My youngest daughter has had a Kindle since she was 9, so about 7 years now. She used it mainly for apps, videos, and music until the last couple years. Amazon has most of the classics available for free and I loaded her Kindle up with them for her to read. She also has "independent reading" for school, and a lot of times it was faster to get her the book digitally than wait for it to arrive in print.

My husband has had his Kindle for about 3 years now. The Kindle Unlimited subscription was actually for him because he was going through books so fast and ran out of free ones that he wanted to read. He was spending more each month than the cost of the subscription. Either that or the first one in a series would be free and the rest would have to purchased UNLESS you had KU.

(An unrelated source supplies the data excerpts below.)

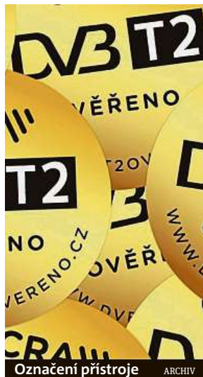
Označení přístroje ARCHIV

„Pokud máte doma náš internet a využíváte připojení od 50 megabitů za sekundu a víc, nemusíte víc řešit,“ říká Jitka Pajurková z O2. V rámci nových tarifů nabízí operátor základní variantu, kde jsou
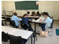
集団討論体験の様子
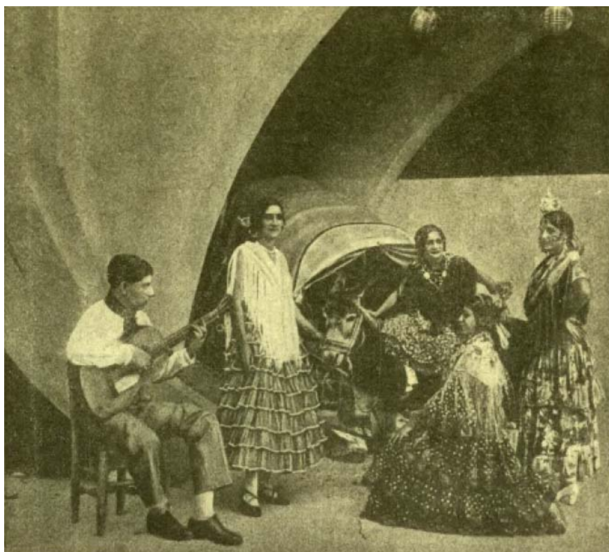
Foto 3: «En un rincón del Pueblo Español convertido en campamento de una tribu de gitanos»

I just got my Kindle about a year ago. Up until that point, I was staunchly against e-books and only read "real" books. I've been a member here for quite a while, but never really engaged with the site much until recently. Since the books that are available are in digital format, I decided to bite the bullet and start reading e-books. Additionally, it helps when I'm sitting in bed at night reading, because then I don't have to have my bedside light on, which annoys my husband to no end, in order to read.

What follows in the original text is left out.